As you can see, this implementation assumes that the array size is a power of 2.

I have some problems, which I would very much like for anyone to comment on:

This algorithm works only if array size is as large as 2^15.

The algorithm fails if the array size is 2^16 or larger.

Can anyone have any idea why this happens?
Is there anything I can do to make this work faster?

I was thinking of using the shared memory, at least for the first few iterations,

but I couldn’t find any way I can use it - since as far as I understand, shared memory is shared between threads on the same block,

while I’m using only a single thread per block.

Can anyone think of a better implementation?
I did a comparison between sequential merge sort and the parallel merge sort.

I got pretty disappointing results -

The best I could get is for the parallel merge sort to run 9 times(!) slower than the sequential merge sort.

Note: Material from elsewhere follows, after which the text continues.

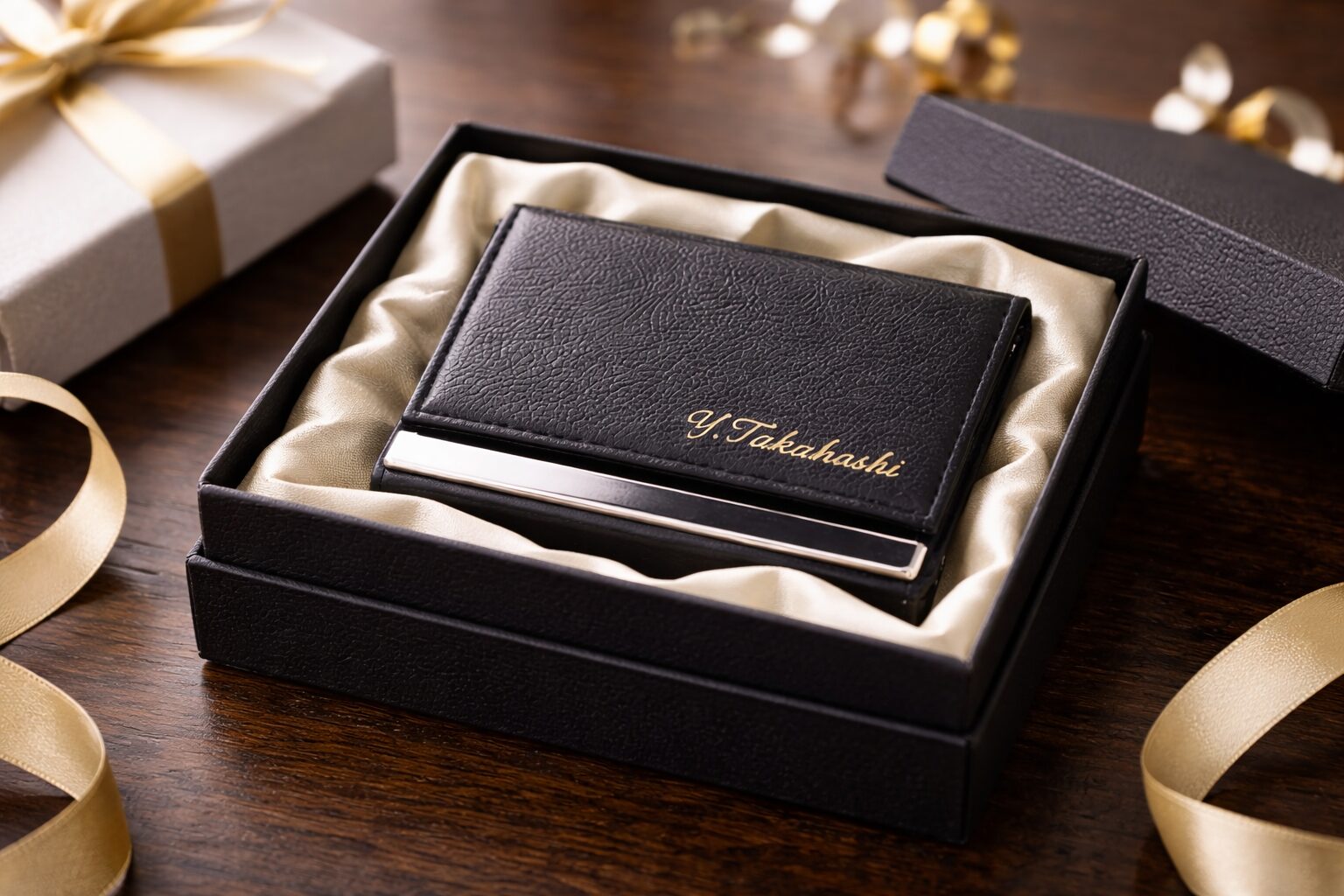 名入れの利点は、自分の持ち物としての愛着が増すことです。出張や会食が続く時期は、小物を置いたり出したりする場面も増えます。そのとき、自分のものだと判別しやすい点は意外と便利です。また、節目の贈り物としても選ばれやすく、昇進祝いや転職祝いで検討されることもあります。

I was thinking that perhaps the bottleneck might be copying memory between host & device (and vice-versa).

Do these results make sense? or should I expect better performance?

If anyone is interested, I can post the entire code.

Thanks,

Shay M.

sergeyn · December 23, 2010, 12:28pm

I’d really recommend you carefully read through the programming guide and best practices guide, then investigate how samples work.

max number of blocks allowed in a grid is 2^16
you use only 1 thread out of 32 threads in a warp, other 31 threads just do not do anything
really - read all the manuals first and study samples